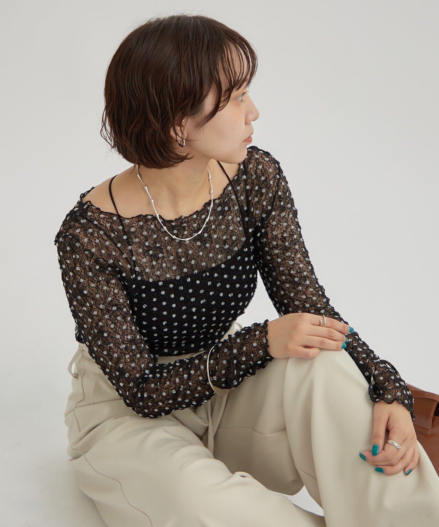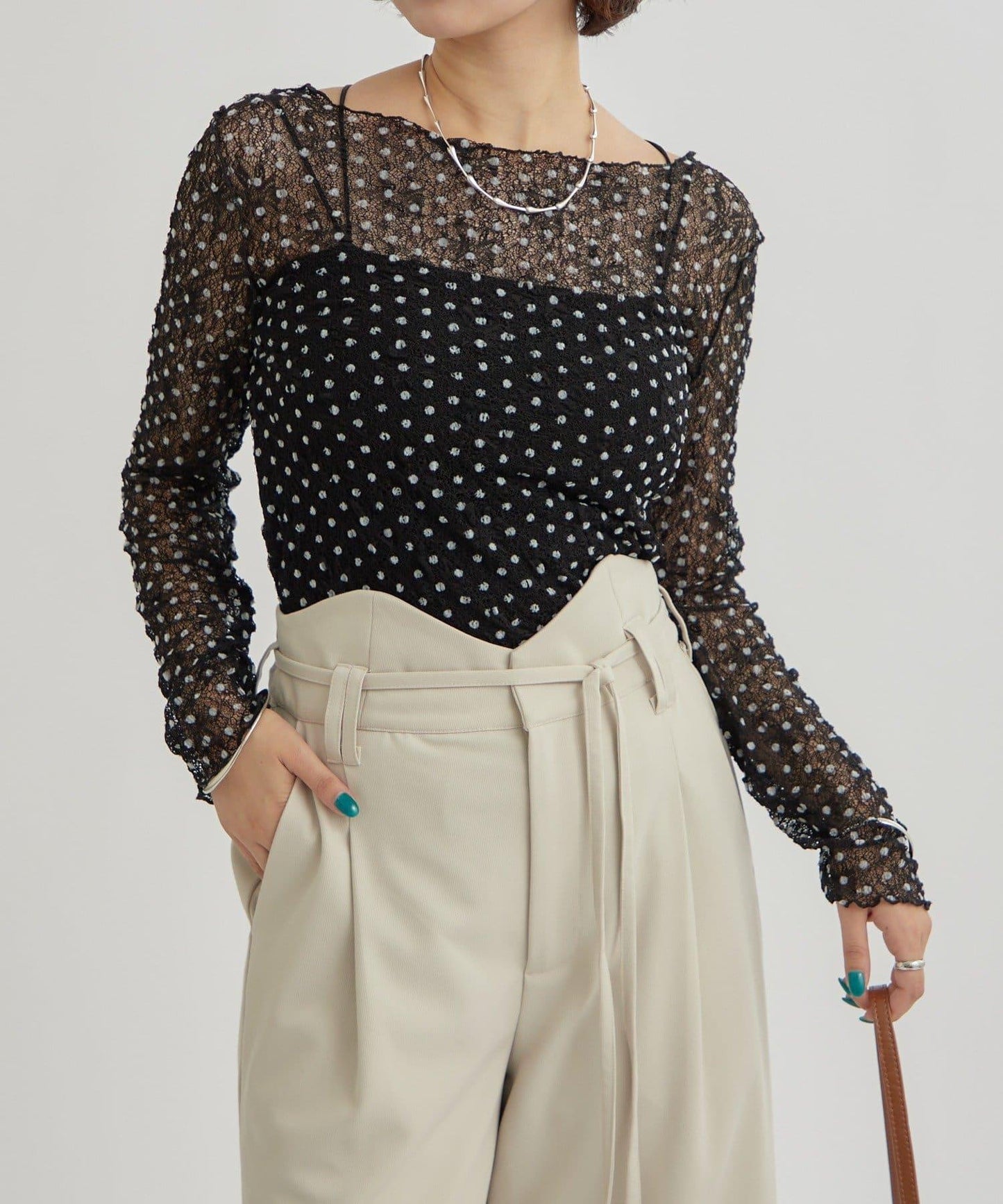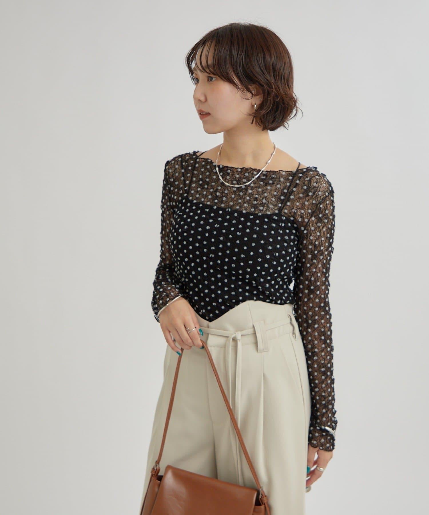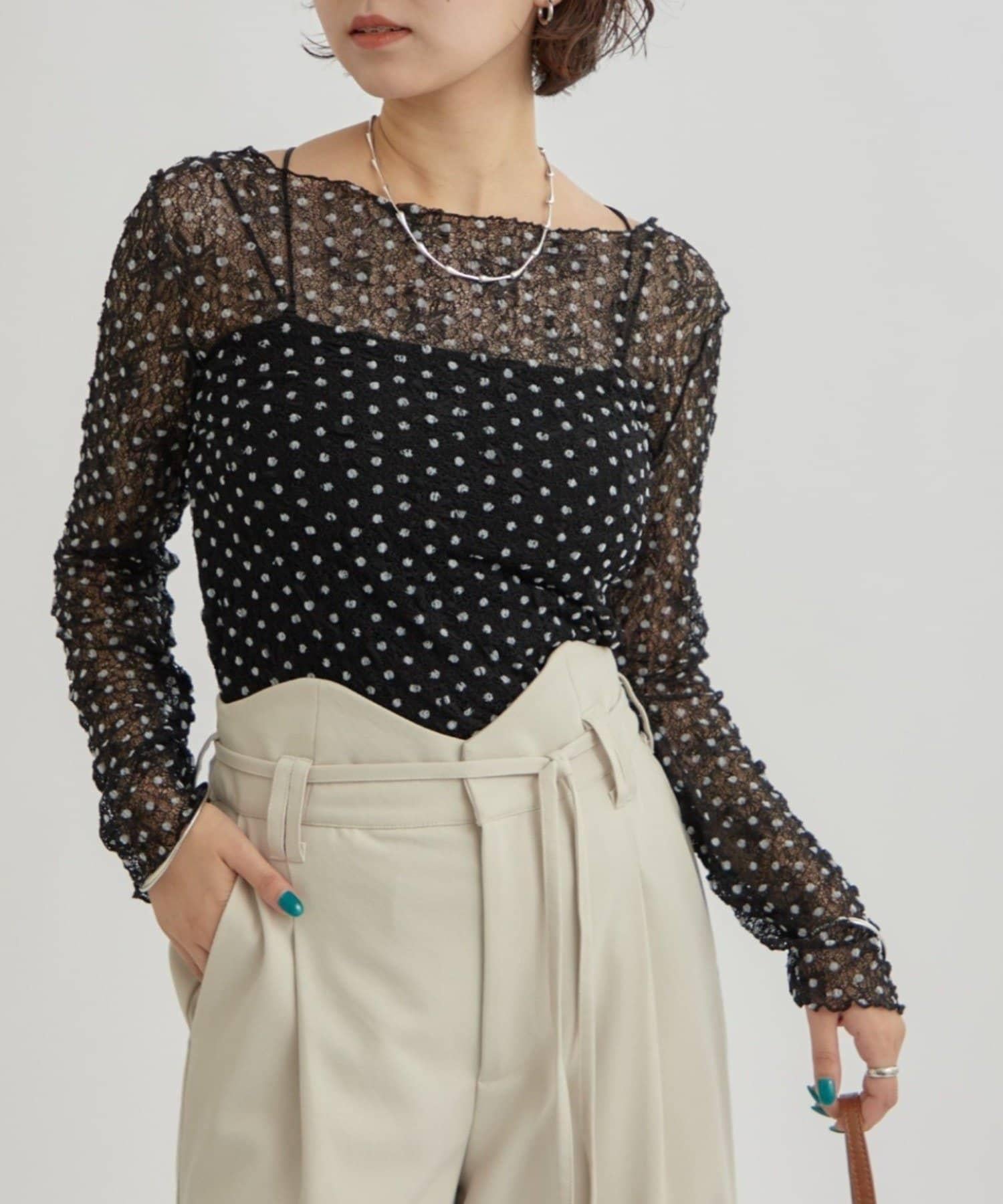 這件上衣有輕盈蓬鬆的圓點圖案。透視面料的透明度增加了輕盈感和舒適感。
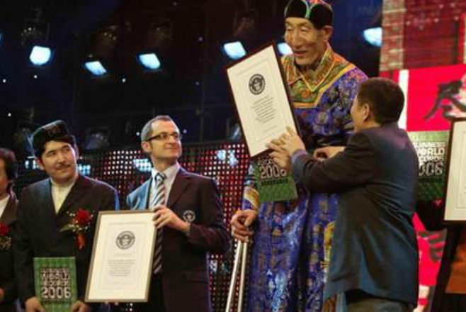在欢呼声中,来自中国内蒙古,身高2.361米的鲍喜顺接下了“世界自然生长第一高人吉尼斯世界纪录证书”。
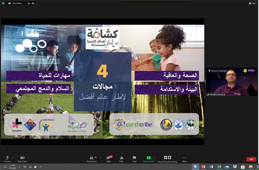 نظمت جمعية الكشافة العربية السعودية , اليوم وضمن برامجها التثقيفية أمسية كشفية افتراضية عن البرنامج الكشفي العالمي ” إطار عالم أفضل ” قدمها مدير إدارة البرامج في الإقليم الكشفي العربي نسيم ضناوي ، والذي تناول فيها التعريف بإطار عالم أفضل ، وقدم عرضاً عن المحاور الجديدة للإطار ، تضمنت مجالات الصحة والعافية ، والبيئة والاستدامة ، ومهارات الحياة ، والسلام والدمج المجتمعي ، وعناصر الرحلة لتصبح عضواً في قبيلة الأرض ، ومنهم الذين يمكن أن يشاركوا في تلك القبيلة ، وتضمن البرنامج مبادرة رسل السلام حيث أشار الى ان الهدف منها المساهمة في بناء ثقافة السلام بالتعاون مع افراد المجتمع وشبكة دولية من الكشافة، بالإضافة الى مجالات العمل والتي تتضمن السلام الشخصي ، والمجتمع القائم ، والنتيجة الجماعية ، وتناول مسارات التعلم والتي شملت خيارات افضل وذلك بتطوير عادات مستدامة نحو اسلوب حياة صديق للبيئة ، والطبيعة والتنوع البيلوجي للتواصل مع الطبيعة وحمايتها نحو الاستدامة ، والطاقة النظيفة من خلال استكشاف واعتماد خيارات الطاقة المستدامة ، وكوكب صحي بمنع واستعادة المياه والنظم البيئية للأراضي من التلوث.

════

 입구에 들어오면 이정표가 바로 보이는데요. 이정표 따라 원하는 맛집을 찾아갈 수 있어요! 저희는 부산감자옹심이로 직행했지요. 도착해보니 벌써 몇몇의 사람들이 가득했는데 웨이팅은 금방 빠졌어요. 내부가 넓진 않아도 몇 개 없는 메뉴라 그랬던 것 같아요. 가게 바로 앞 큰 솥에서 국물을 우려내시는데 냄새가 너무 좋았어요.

════

The lines to set down run from the line with "這件上衣有輕盈蓬鬆的圓點圖案。透視面料的透明度增加了輕盈感和舒適感。" up to and including the line with "在欢呼声中,来自中国内蒙古,身高2.36" in the entries above. Reproduce them exactly, with no pictures.

 這件上衣有輕盈蓬鬆的圓點圖案。透視面料的透明度增加了輕盈感和舒適感。
在欢呼声中,来自中国内蒙古,身高2.361米的鲍喜顺接下了“世界自然生长第一高人吉尼斯世界纪录证书”。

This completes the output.